Since the confrontation last year between Russia and Ukraine at Kerch Strait, NATO warships have been traveling into the Black Sea to demonstrate support for Ukraine. In the latest visit, the destroyer USS Donald Cook entered the Black Sea on Jan. 19 and visited Batumi in Georgia, while being closely tracked by Russian navy vessels. The British HMS Echo, a hydrographic survey ship, had visited the area in December. At the time, the British presence was openly tied to the Kerch Strait incident, and British Defense Minister Gavin Williamson even boarded a Ukrainian frigate on the Black Sea. NATO has consistently conducted maritime operations in the sea, but its visits have taken on added significance since the breakdown in relations between Ukraine and Russia in 2014. And the recent heightened tensions mean Russia is watching the transits even more closely.
Why It Matters
The situation in the Black Sea resembles the dispute in the South China Sea, where U.S. and British vessels both conduct freedom of navigation operations. In the Black Sea, the visits have evolved from a conceptual show of support for Kiev to a more practical backing of Ukraine’s freedom of navigation. However, unlike the operations in the South China Sea, these NATO vessels are unlikely to directly challenge Russian limits to freedom of navigation by traveling through the Kerch Strait and into the Sea of Azov. While the Montreux Convention, which governs the presence of foreign navies in the Black Sea, technically doesn’t prevent them from doing so, a great degree of tactical risk would be associated with such an operation deep in an area where the Russian navy is dominant.

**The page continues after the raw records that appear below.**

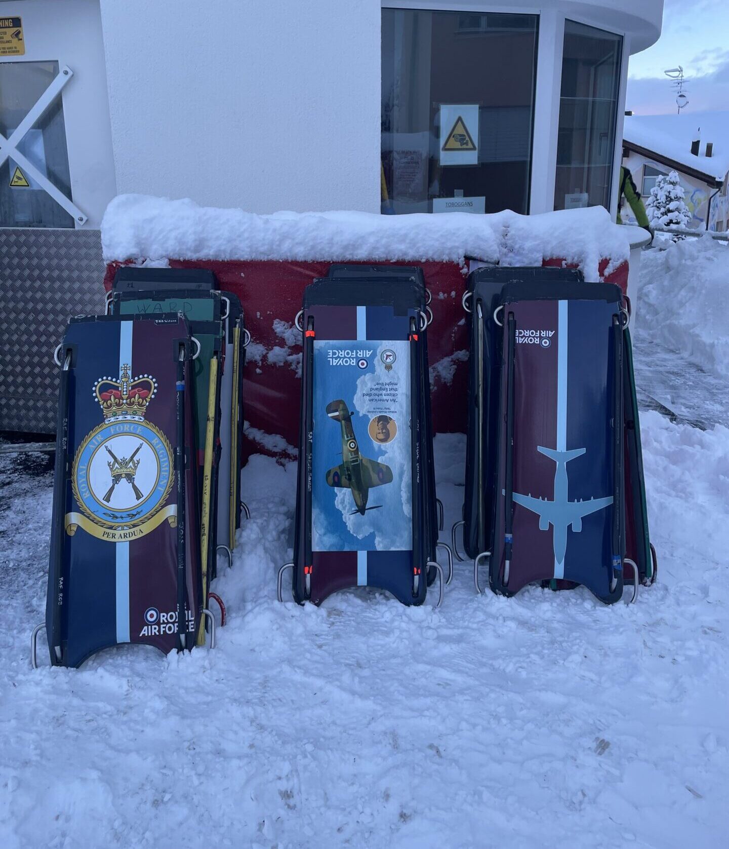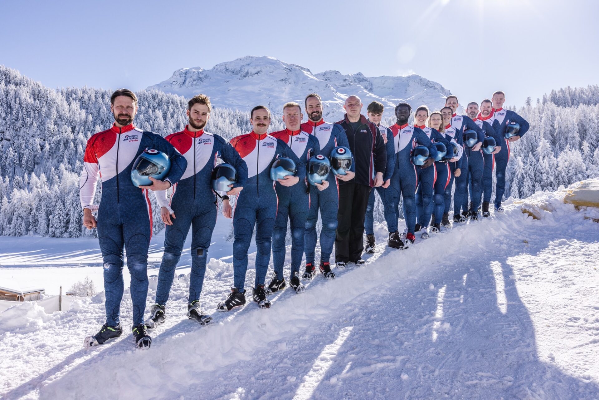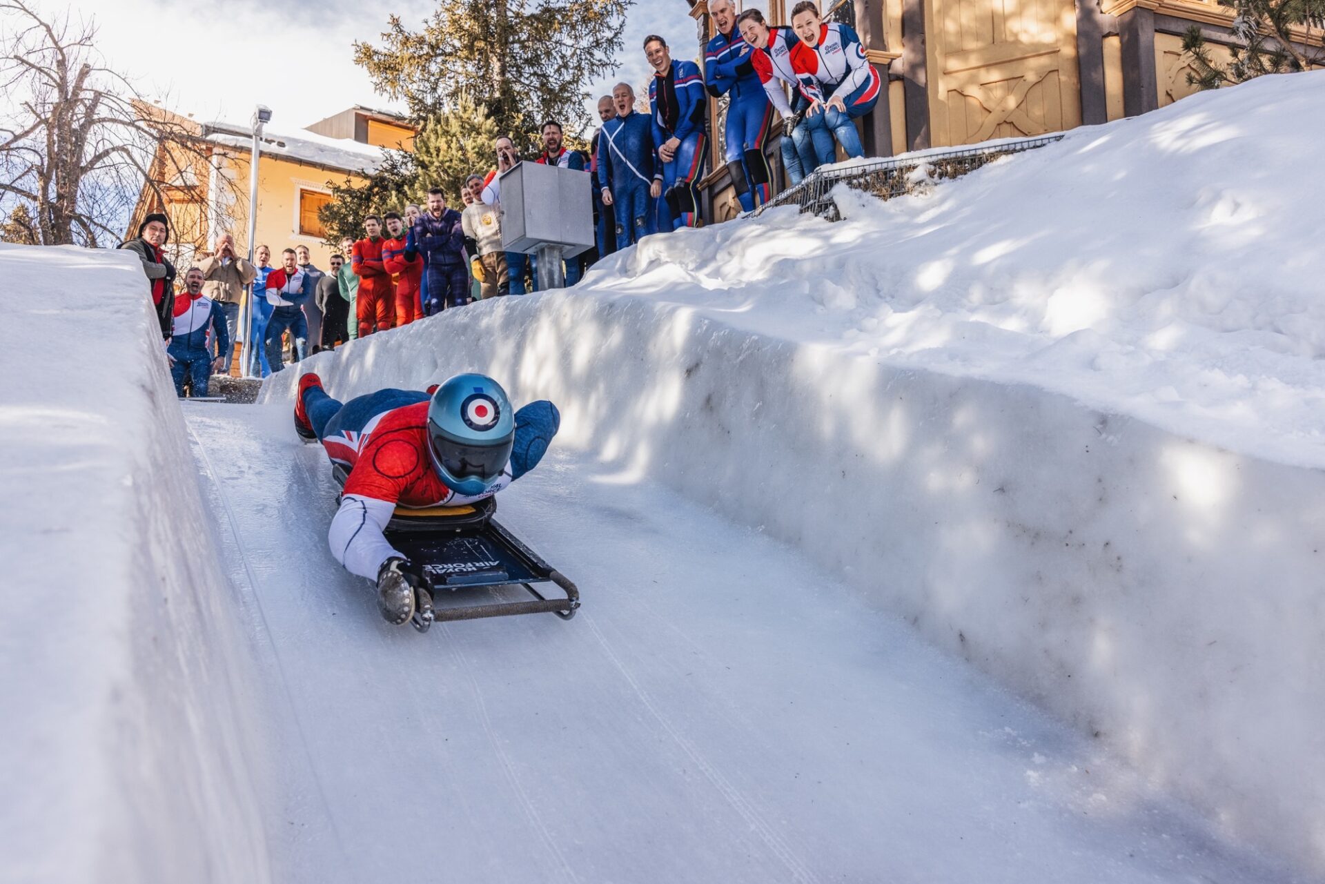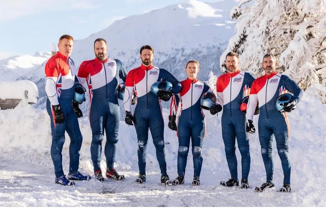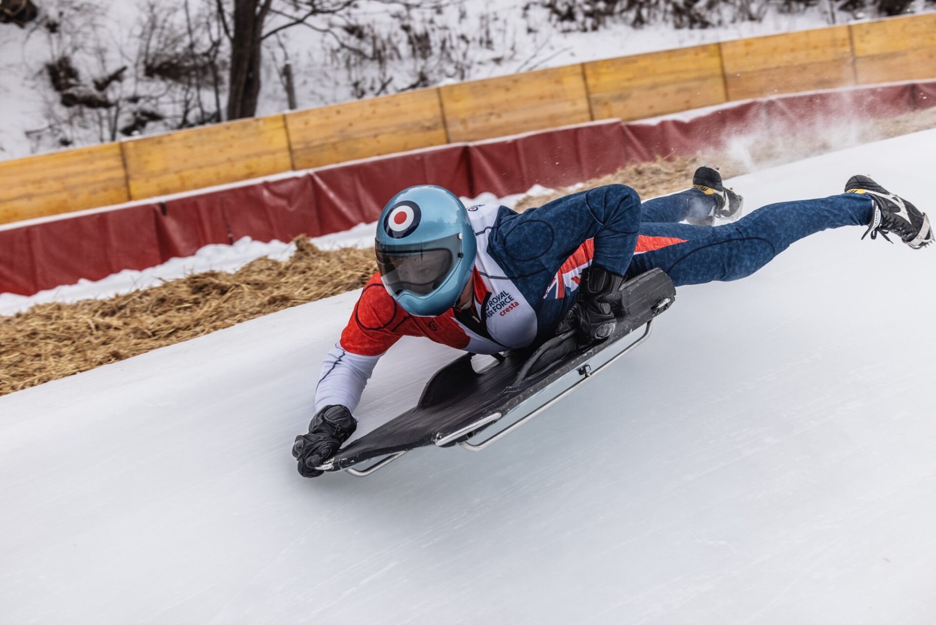 The RAF’s Riders of the Cresta Run; the most challenging and steepest ice run in the world. Between the valleys of the Swiss Alps, Riders will race up to speeds of 80 mph, head first, on a 35 kg toboggan with their face centimetres away from the ice.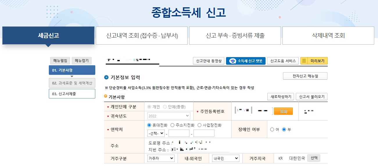 종합소득세 모두채움 서비스는 혼자서 직접 종합소득세를 신고하시는 많은 분들을 위해 간편하게 2022년 귀속 수입금액과 필요경비 납부세액등이 신고서에 작성되어 있는 서비스를 말합니다. 이렇게 신고서작성 되어 있으니 어디에 무엇을 어떻게 작성해야 할지 고민하셨던 많은 분들도 쉽게 종합소득세를 신고하실 수 있습니다.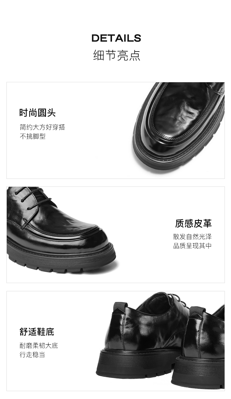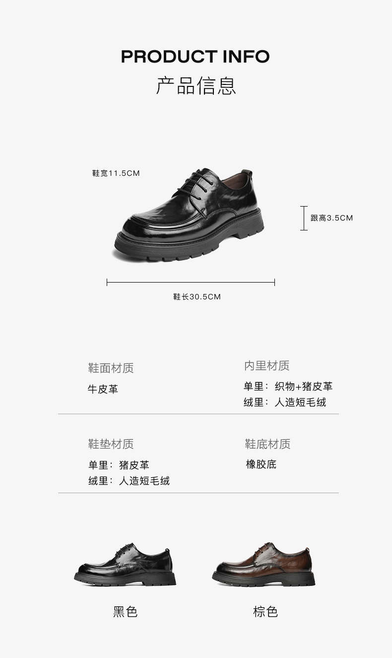 | 里料材质:猪皮革织物 | 上市时间:2026年春季 | 制鞋工艺:胶贴皮鞋 | 款式季节:春季 | 鞋垫材质:猪皮革 |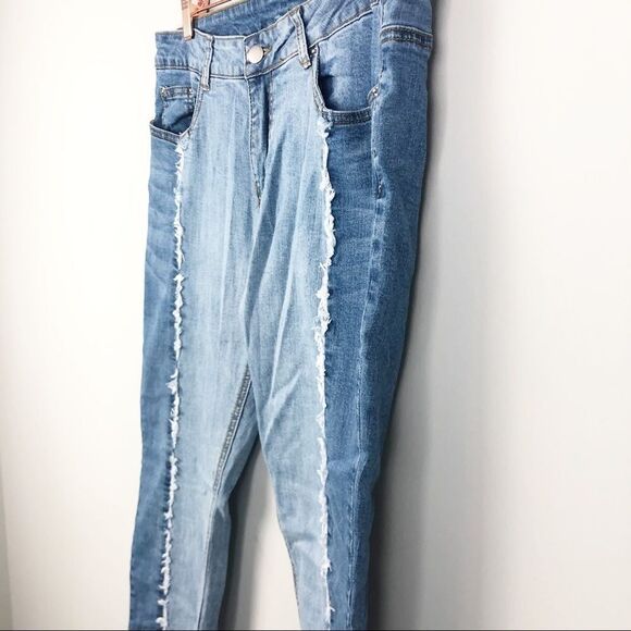 Super cool light and Medium wash jeans. Fray seam detail separates the two shades of blue denim. Stretchy. Step hem. Great condition! Size Large.

The Montreux Convention also severely limits the NATO presence, restricting the number of non-Black Sea state naval vessels and their time in the sea. Even when the sizable fleet of Turkey, a NATO member, is taken into account, Russia’s ability to project significant force over the Black Sea through its land-based missile systems, as well as its air assets, gives it a sizable advantage. And the limited strength of the Ukrainian navy means that the Russian Black Sea fleet — despite its own challenges — is able to maintain supremacy there and particularly in the Sea of Azov.
What Happens Next
Though NATO has made it clear that it wants to support Ukraine when it comes to freedom of navigation in the Kerch Strait and the Sea of Azov, the reality is that this area is still very much at the mercy of Russian power. The Kremlin has been growing assertive and harassing both civilian and Ukrainian navy vessels traveling in the area, but short of a military engagement, there isn’t a lot standing in Russia’s way. Such an armed engagement would be conducted from a position of inferiority for Ukraine and the West in this particular area, and it would come with a great risk of escalating beyond. Therefore, NATO navies will find themselves limited to a largely symbolic presence in the wider Black Sea.